URL http://query.nytimes.com/gst/fullpage.html?res=9E04E5D81131F93AA25756C0A9619C8B63

DATE/ AUTHOR None	AUTHORS: Floyd Norris, Off The Charts

H Americans Put Their Weakening Dollars to Work Overseas

S1 American investors, having seen the dollar weaken and foreign stock markets consistently outperform the American market, are putting record amounts of money into overseas securities.

S2 Figures released this week by the Treasury Department showed that Americans spent a net $40.3 billion on overseas securities in March, making that the second-heaviest outflow ever, trailing only the $48.7 billion figure for last December.

S3 The accompanying chart shows 12-month totals for such purchases, with smaller charts breaking down stock and bond transactions.
S4 All figures are net, the difference between securities purchased and sold, so negative numbers show when Americans were net sellers.

S5 For the 12 months through March, Americans bought a record $277 billion in foreign long-term securities.

S6 Those purchases pale next to the offsetting purchases of American securities by foreigners, which came to $1.15 trillion over the most recent 12 months.
S7 Nonetheless, they are important because the United States needs to attract foreign investments to offset the huge trade deficit, which is only starting to decline.
S8 For the 12 months through March, that deficit came to $754 billion.
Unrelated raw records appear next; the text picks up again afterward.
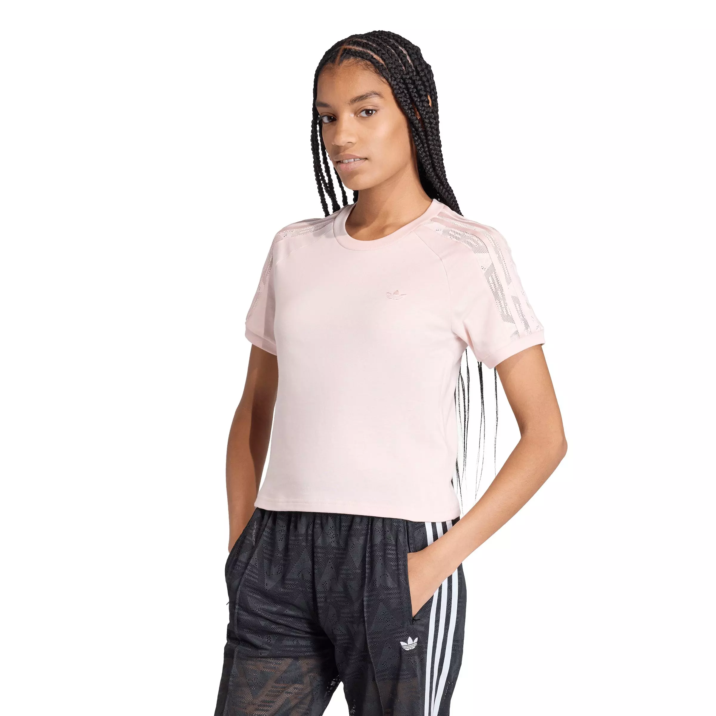 Lace meets athletic elegance with the adidas Originals Women's Lace Cali Tee - Pink. This piece is a celebration of adidas Originals' rebellious spirit, blending iconic design elements with a modern twist. Crafted from single jersey cotton, the t-shirt offers a slim fit that hugs your body, helping you feel both stylish and comfortable. The crew neckline adds a classic touch, making it a versatile piece for different occasions. This adidas t-shirt is more than just a top. It's a statement. With intricate lace details, it embodies the essence of sporty femininity, making it a good choice for those who dare to defy the ordinary.
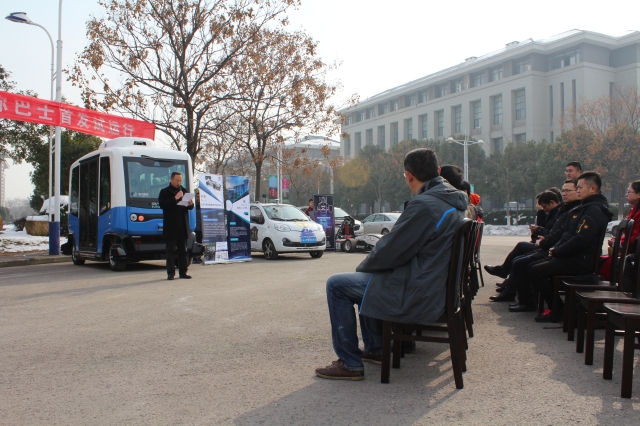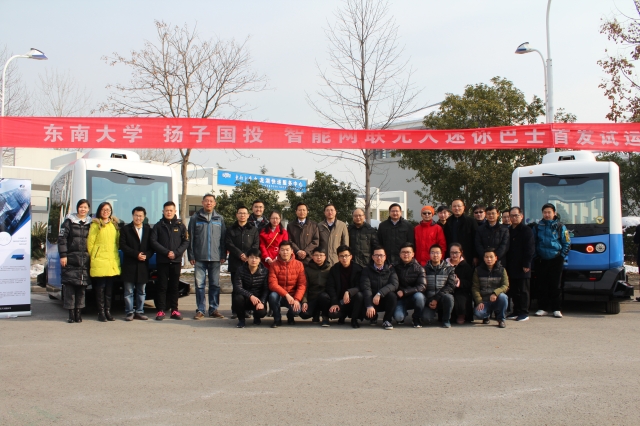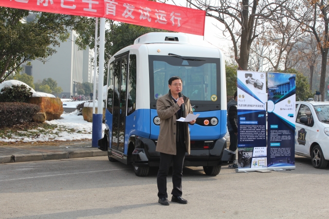2018年2月2日上午,太阳集团tyc33455官网联合南京扬子国资投资集团有限责任公司在太阳集团tyc33455官网九龙湖校区举行合作运营的国内首辆智能网联无人迷你巴士的首发试运行,太阳集团tyc33455官网副董事长吴刚教授,扬子国投集团董事长蔡龙,公司党委书记张志胜,公司相关部门负责人,以及巴士运营团队全体成员参加了首发试运行活动。发布会由太阳集团tyc33455官网副经理殷国栋教授主持。
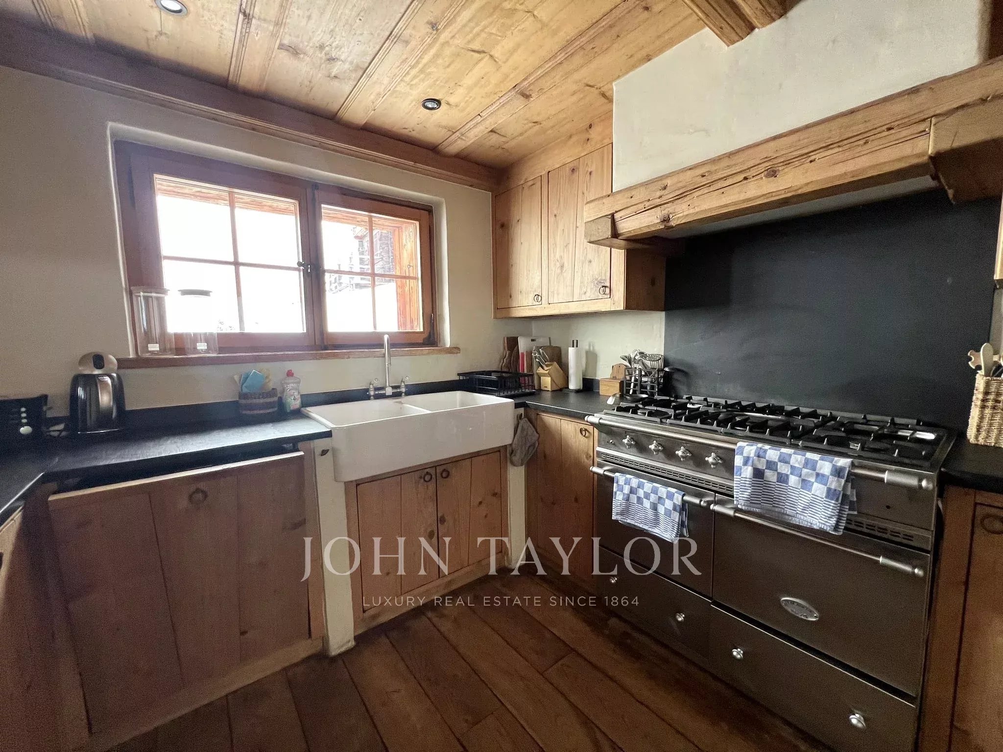 The chalet features beautiful aged wood throughout, creating a cosy and elegant atmosphere. The spacious wooden balcony, overlooking the snow-covered landscape, is the perfect place to enjoy quiet mornings, sunny winter afternoons, or unforgettable sunsets above the valley.
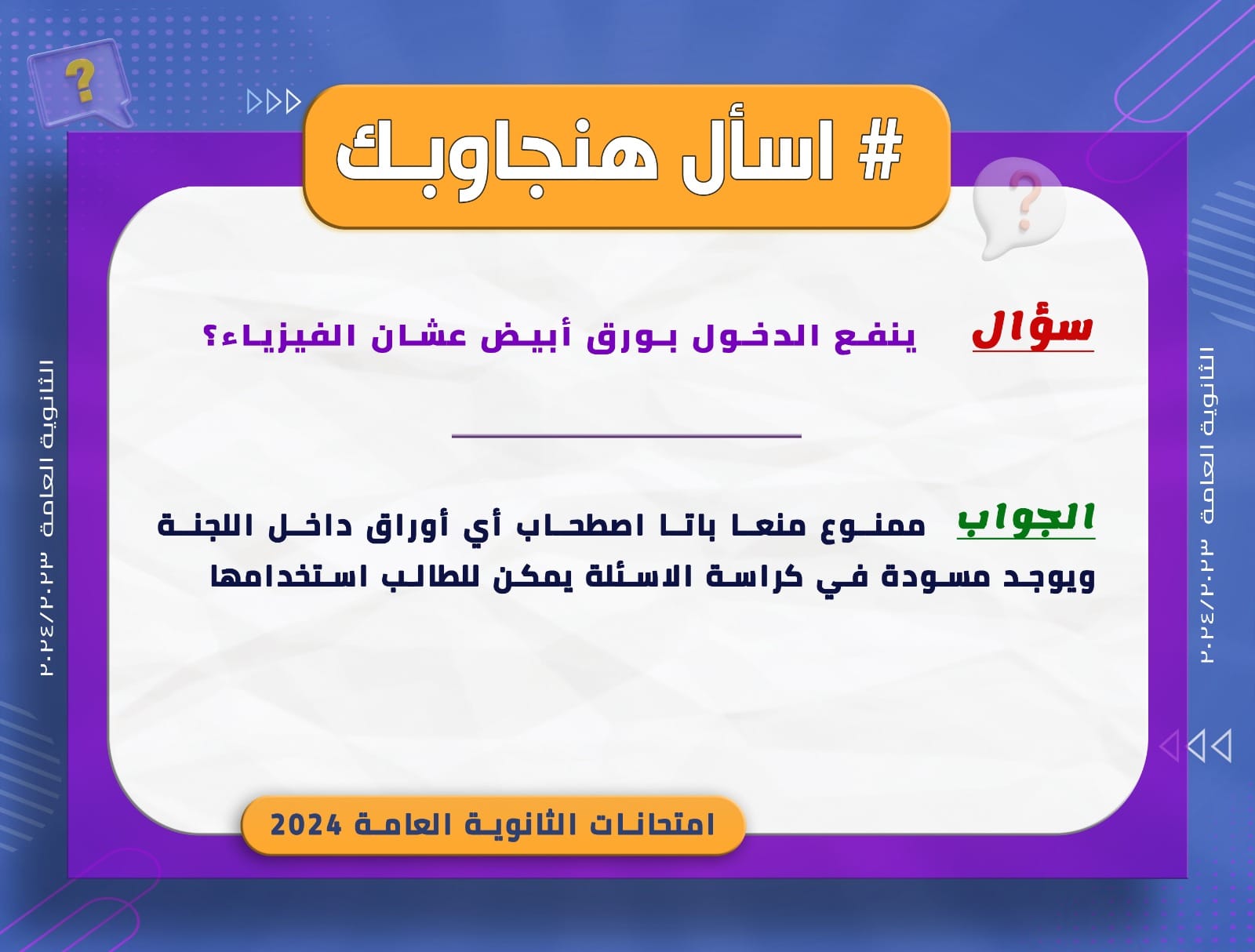 وكانت وزارة التربية والتعليم والتعليم الفني، قد وجهت رسالة مهمة وعاجلة لجميع أولياء أمور وطلاب الثانوية العامة 2024، عبر صفحتها الرسمية على موقع التواصل الاجتماعي فيس بوك.

S9 With Americans clamoring to buy foreign securities -- not to mention the foreign cars, toys and other goods that make up the trade deficit -- the dollar has lost value, particularly against the euro and the British pound, the two principal currencies whose central banks do not intervene to keep them from rising.

S10 The figures show that Americans bought a net $168.9 billion of foreign bonds over the 12-month period.
S11 By contrast, for all of 2005 the figure was only $45.1 billion.

S12 The attraction of foreign stocks has also been strong, but is not at record levels.
S13 The $108.3 billion purchased during the 12-month period is well below the record of $140 billion, set in the 12 months through last May.

S14 The popularity of foreign stocks has come as foreign markets consistently have done better than the American one.
S15 For the 12 months through April, the Standard & Poor's 500, a prominent index of large American companies, was up 13.1 percent.
S16 But the Morgan Stanley Capital International EAFE index, which covers all developed countries except the United States, rose 17 percent.

S17 It was the 44th consecutive month that the EAFE index has shown a better 12-month performance than the S.&P., matching the record length of a stretch that ended in February 1989, another time of dollar weakness.

S18 By contrast, Americans were net sellers of foreign stocks in 1999, a time when the dollar was strong and the American stock market was roaring ahead.
S19 For 56 months that ended in August 1999, the S.&P.
S20 500 showed better 12-month performance than did the EAFE index.

S21 If Americans keep sending their dollars overseas -- whether to buy socks or stocks -- that could put further pressure on the value of those dollars.